There is a small population of parents who are competitive due to insecurity, Dr. Jeltova adds, which forces the child to develop an extension of parental ego and self-esteem. “The parent needs the child to be liked to feel likeable themselves,” she says.
At the end of the day, every parent is different, and there’s nothing wrong with feeling validated, whether you’re helping others by sending a message or it gives you an extra boost—as long as it’s all in good spirit.
Sending a Message
A national survey conducted by Edison Research, as a part of Minute Maid’s this is GOOD campaign, revealed that 94 percent of sharents stage their social media posts. Although this might seem shocking, it is important to remember that social media is meant for an audience and the photos are staged to project a motive, whether it’s clear or ambiguous.
For example, the Instagram account @papaanddaddy, which has 44,600 followers, is clear in its message and role in the social media world: to normalize same-sex parenting.
“There’s a lot of work left to be done in normalizing same-sex parenting. This is our small way of paying it forward,” says James Loduca, one of the dads behind the account. “At the end of the day, representation matters. It’s hard to dream about what you can’t see. As kids, there weren’t gay families represented in media. We want to do our part to change that for generations to come.”
But Be Conscious of Cyber Bullying
Christine Di’Amore, a Youtuber with nearly 300,000 subscribers, is best known for her videos about makeup and lifestyle. Despite her Internet presence, she has chosen to keep her daughter out of the public eye for now.
“While hateful comments don’t hurt me, a lot of people who aren’t conditioned to the harsh world that social media can be (like my daughter) might be more affected by those words, regardless of how ridiculous or untrue they are,” Di’Amore says. “If my daughter does come across any negative comments, she knows I will have a conversation with her and try to help her understand the psyche behind those who bully others, and the reason they want to bring others down to their level.”
As children grow older and have more access to the Internet they will come to realize cyber bullies are everywhere. While their hurtful comments can be ignored, they might be hard to brush off. On the flip side, being exposed to cyber bullying at a young age can help children understand how to deal with it as they enter their teenage years.
“Another reason for not sharing that I often hear is a desire to protect the child’s privacy. The child has the right to be growing up in a protected, emotionally safe environment,” Dr. Jeltova says. “Having his or her images posted is inviting feedback and judgment and potentially jeopardizes the privacy and emotional safety.”
When you place yourself in the public eye, whether it’s to express a message to thousands of followers or you’re sharing your child’s preschool graduation, there is a safety concern and a leeway for hatred. “There are a ton of people out there that are looking to do harm in a variety of ways,” says Amaliya Makarovskaya, a Manhattan mom of two. “I find that there is very little to be gained from social media in general, especially through my kids posts.”

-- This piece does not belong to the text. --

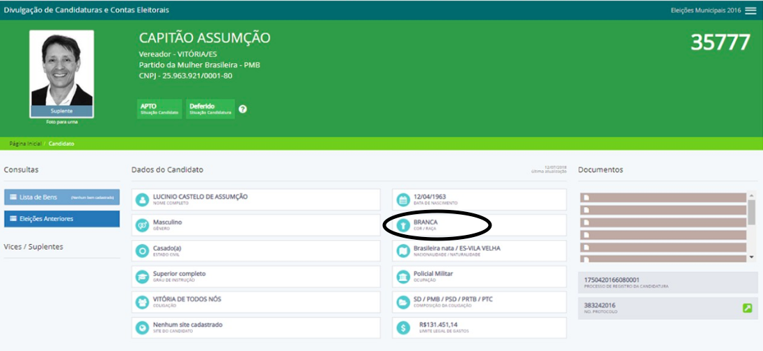 No registro da candidatura à vaga de prefeito de Vitória neste ano houve uma reviravolta. Capitão Assumção afirmou ser pardo, classificação racial que o insere entre os negros.

Circling back to the Mac & Mia survey, 42 percent of parents say they have planned posts of their children in advance and have spent up to 2 hours to get the perfect shot. As with all things when it comes to parenting, it’s ultimately up to you to weigh the pros and cons of sharing snapshots of your children on social media, but think beyond safety and look into your true motive for posting a photo of your child. Remember: There is a definitive line between remembering a moment and wasting time.